> Assignment
Should the entries contain pictures, leave them out and return exactly the lines from the first through the line holding "能力値で選んでもよし、顔や名前で選んでもよしです。".

> Given records
----------

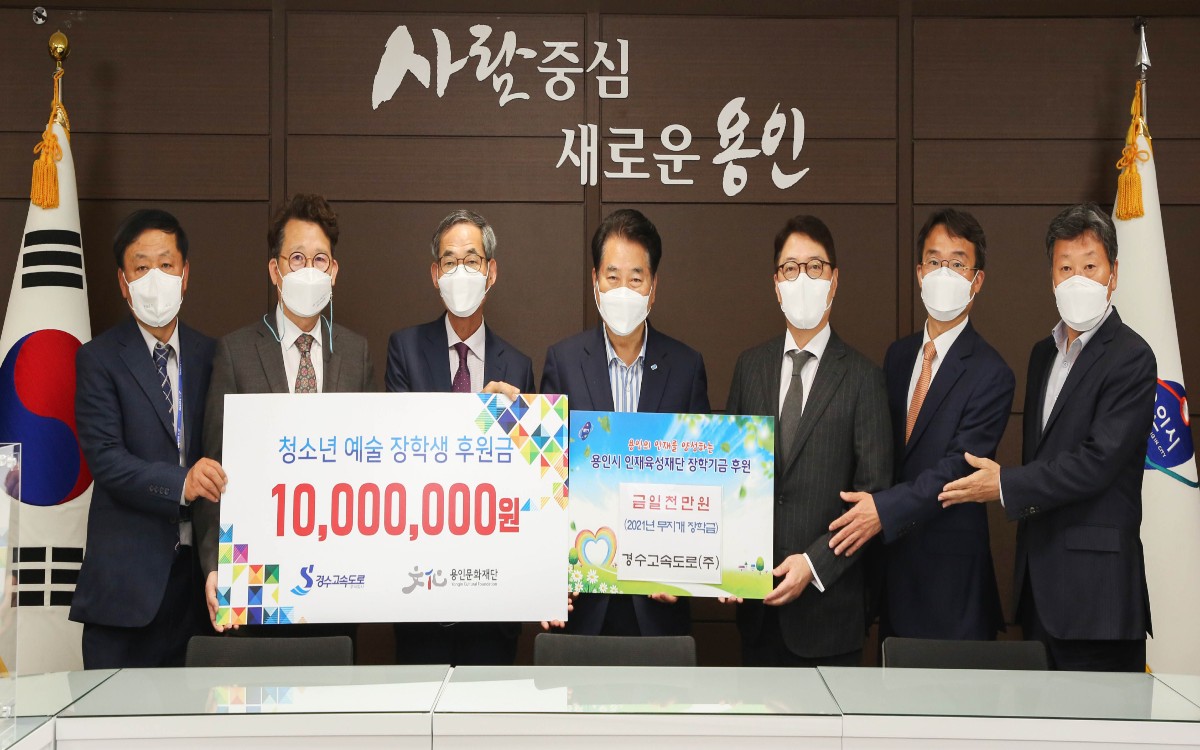경수고속도로는 16일 용인시청 시장실을 방문해, 용인시 인재육성재단과 용인문화재단에 각각 1천만 원씩 총 2천만 원을 장학금 명목으로 전달했다.
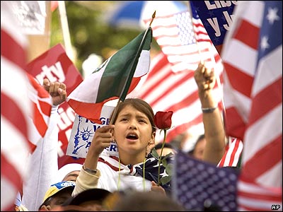مهاجران مکزيکی در اعتراض به بندهايی از يک لايحه مجلس سنا که اشتغال بدون مجوز در آمريکا را جرم به حساب می آورد، در شهر لس آنجلس به راهپيمايی پرداختند.
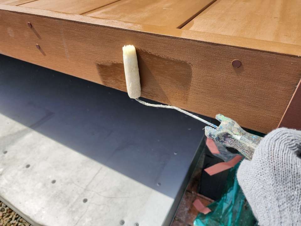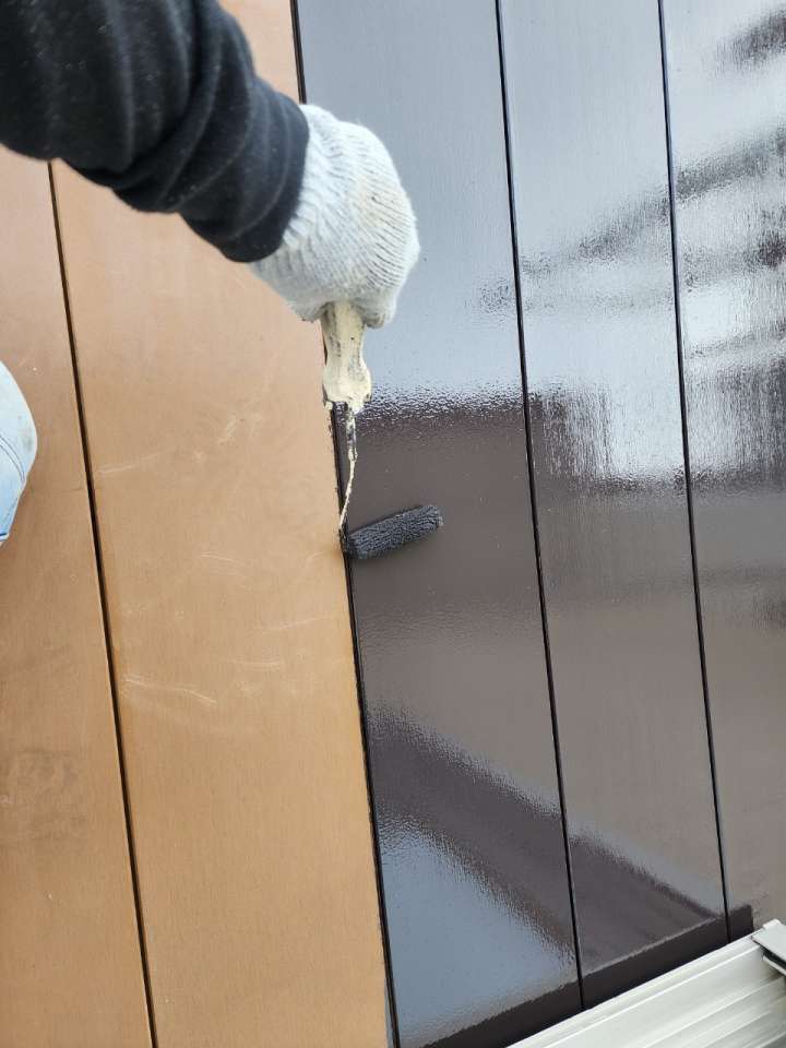 下塗りにプレマテックスの無機有機ハイブリッドEPOを塗装し、中塗り、上塗りにプレマテックスのタテイルαプレマエディションのカカオブラウン色を塗装していきます。
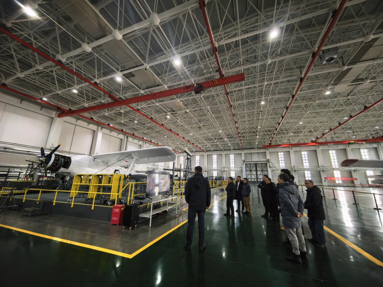 调研团队首先参观了天域航通位于石河子市通航装备制造产业园的生产基地。作为国内唯一集研发、生产、销售、运营、服务于一体的高科技创新型通航企业,天域航通重点展示了其核心产品——鸿雁(HY100)大型无人机。校企双方围绕校企合作、专业建设、企业岗位需求展开深度交流。
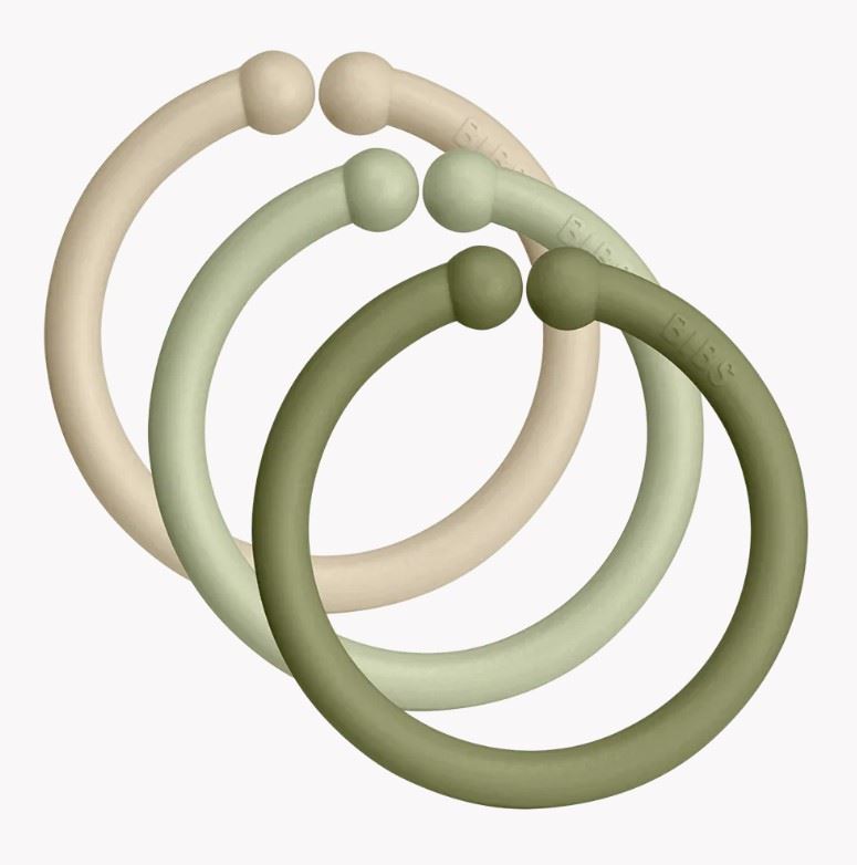 Bibs Loops er en smart og funksjonell babyleke som består av 12 fleksible ringer i fargene Vanilla, Sage og Olive. Ringene kan festes sammen eller brukes hver for seg, og gir utallige muligheter til lek og praktisk bruk. Lag en smokkesnor, heng opp rangler og bamser i babygym eller vogn, eller la barnet utforske ringene som biteleke. Bibs Loops er laget av 100 % matsikkert materiale, helt fri for BPA, PVC og ftalater, og er nøytral i smak og lukt. Designet og produsert i Danmark med fokus på trygghet og minimalistisk funksjonalitet.
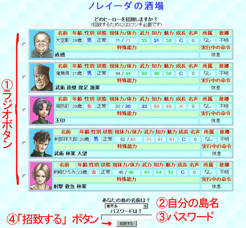 能力値で選んでもよし、顔や名前で選んでもよしです。
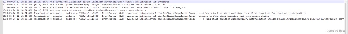 2023-09-24 12:14:24.280 [main] info c.a.otter.canal.instance.spring.canalinstancewithspring - start cannalinstance for 1-example 2023-09-24 12:14:24.309 [main] warn c.a.o.canal.parse.inbound.mysql.dbsync.logeventconvert - --> init table filter : ^.*\..*$ 2023-09-24 12:14:24.309 [main] warn c.a.o.canal.parse.inbound.mysql.dbsync.logeventconvert - --> init table black filter : ^mysql\.slave_.*$ 2023-09-24 12:14:24.320 [main] info c.a.otter.canal.instance.core.abstractcanalinstance - start successful.... 2023-09-24 12:14:24.480 [destination = example , address = /127.0.0.1:3306 , eventparser] warn c.a.o.c.p.inbound.mysql.rds.rdsbinlogeventparserproxy - ---> begin to find start position, it will be long time for reset or first position 2023-09-24 12:14:24.480 [destination = example , address = /127.0.0.1:3306 , eventparser] warn c.a.o.c.p.inbound.mysql.rds.rdsbinlogeventparserproxy - prepare to find start position just show master status 2023-09-24 12:14:26.135 [destination = example , address = /127.0.0.1:3306 , eventparser] warn c.a.o.c.p.inbound.mysql.rds.rdsbinlogeventparserproxy - ---> find start position successfully, entryposition[included=false,journalname=mysql-bin.000045,position=4,serverid=1,gtid=<null>,timestamp=1695526635000] cost : 1634ms , the next step is binlog dump
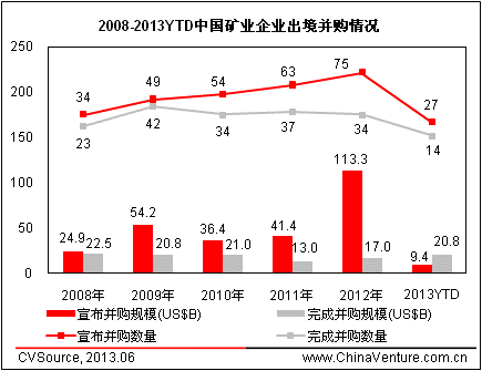 图3 2008-2013YTD中国矿业企业出境并购情况
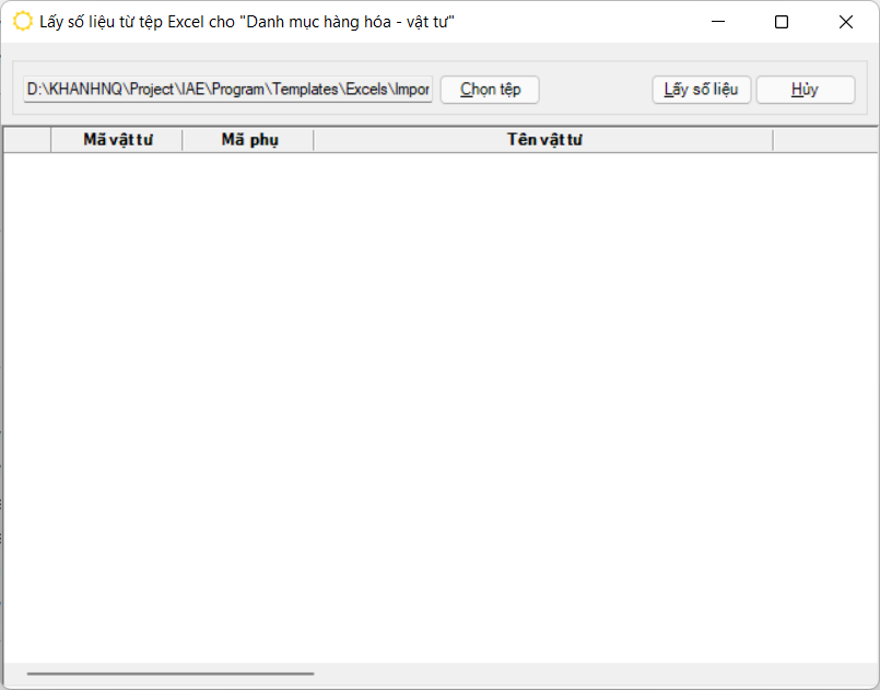 Tiện ích này hỗ trợ doanh nghiệp đưa dữ liệu sẵn có từ tệp Excel vào chương trình, giảm thiểu thời gian nhập liệu lần đầu khi sử dụng chương trình. Những số liệu được hỗ trợ là:
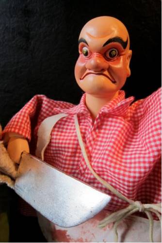 La véritable histoire de Saint Nicolas ou le gros jambon est une vision décalée de l’histoire traditionnelle racontée en marionnette à gaine chinoise.Un trophée d’un cochon, tué par le boucher sanguinaire, se ranime pour mettre en garde les petits et nous raconte l’histoire en vers. Tous les éléments traditionnels sont là mais le boucher tue les enfants un à un avec des techniques assez surréalistes (guillotine, nunchaku, fourchette géante, couteaux bien aiguisés), et Saint Nicolas déjà très âgé donne quelques signes avant-coureurs d’un début d’Alzheimer.
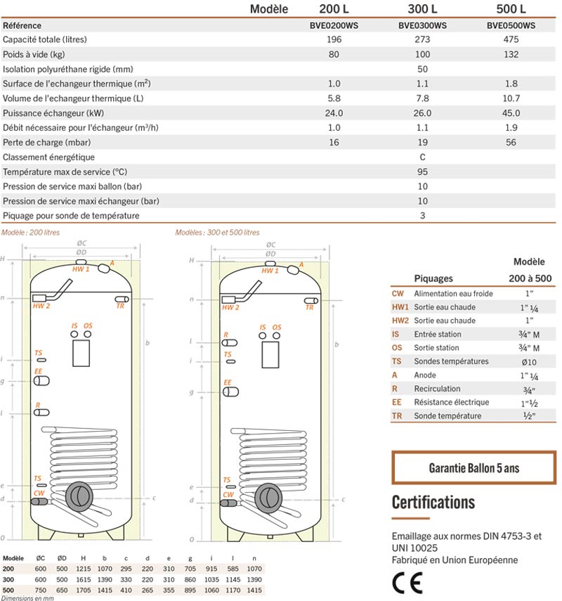 La cuve et l’échangeur sont en acier émaillé. Ces ballons sont à poser au sol.
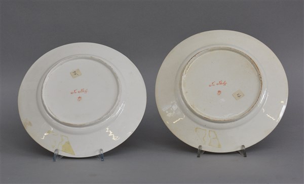 Manifattura di Dresda secolo XIX, coppia di piatti in porcellana decorata nel c
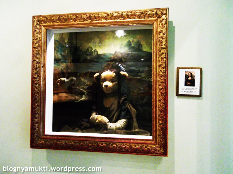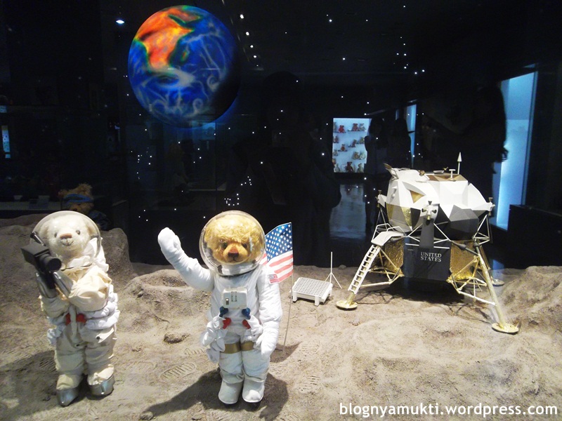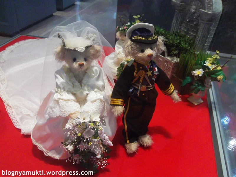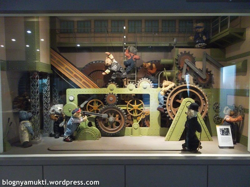 Ruang pertama yang saya kunjungi isinya tentang sejarah gitu, tapi tokoh-tokohnya jadi teddy bear. Terus kalo kita mendekat ke kacanya, boneka-bonekanya bakal bergerak. Lucuu.

----------

> Output
경수고속도로는 16일 용인시청 시장실을 방문해, 용인시 인재육성재단과 용인문화재단에 각각 1천만 원씩 총 2천만 원을 장학금 명목으로 전달했다.
مهاجران مکزيکی در اعتراض به بندهايی از يک لايحه مجلس سنا که اشتغال بدون مجوز در آمريکا را جرم به حساب می آورد، در شهر لس آنجلس به راهپيمايی پرداختند.
 下塗りにプレマテックスの無機有機ハイブリッドEPOを塗装し、中塗り、上塗りにプレマテックスのタテイルαプレマエディションのカカオブラウン色を塗装していきます。
 调研团队首先参观了天域航通位于石河子市通航装备制造产业园的生产基地。作为国内唯一集研发、生产、销售、运营、服务于一体的高科技创新型通航企业,天域航通重点展示了其核心产品——鸿雁(HY100)大型无人机。校企双方围绕校企合作、专业建设、企业岗位需求展开深度交流。
 Bibs Loops er en smart og funksjonell babyleke som består av 12 fleksible ringer i fargene Vanilla, Sage og Olive. Ringene kan festes sammen eller brukes hver for seg, og gir utallige muligheter til lek og praktisk bruk. Lag en smokkesnor, heng opp rangler og bamser i babygym eller vogn, eller la barnet utforske ringene som biteleke. Bibs Loops er laget av 100 % matsikkert materiale, helt fri for BPA, PVC og ftalater, og er nøytral i smak og lukt. Designet og produsert i Danmark med fokus på trygghet og minimalistisk funksjonalitet.
 能力値で選んでもよし、顔や名前で選んでもよしです。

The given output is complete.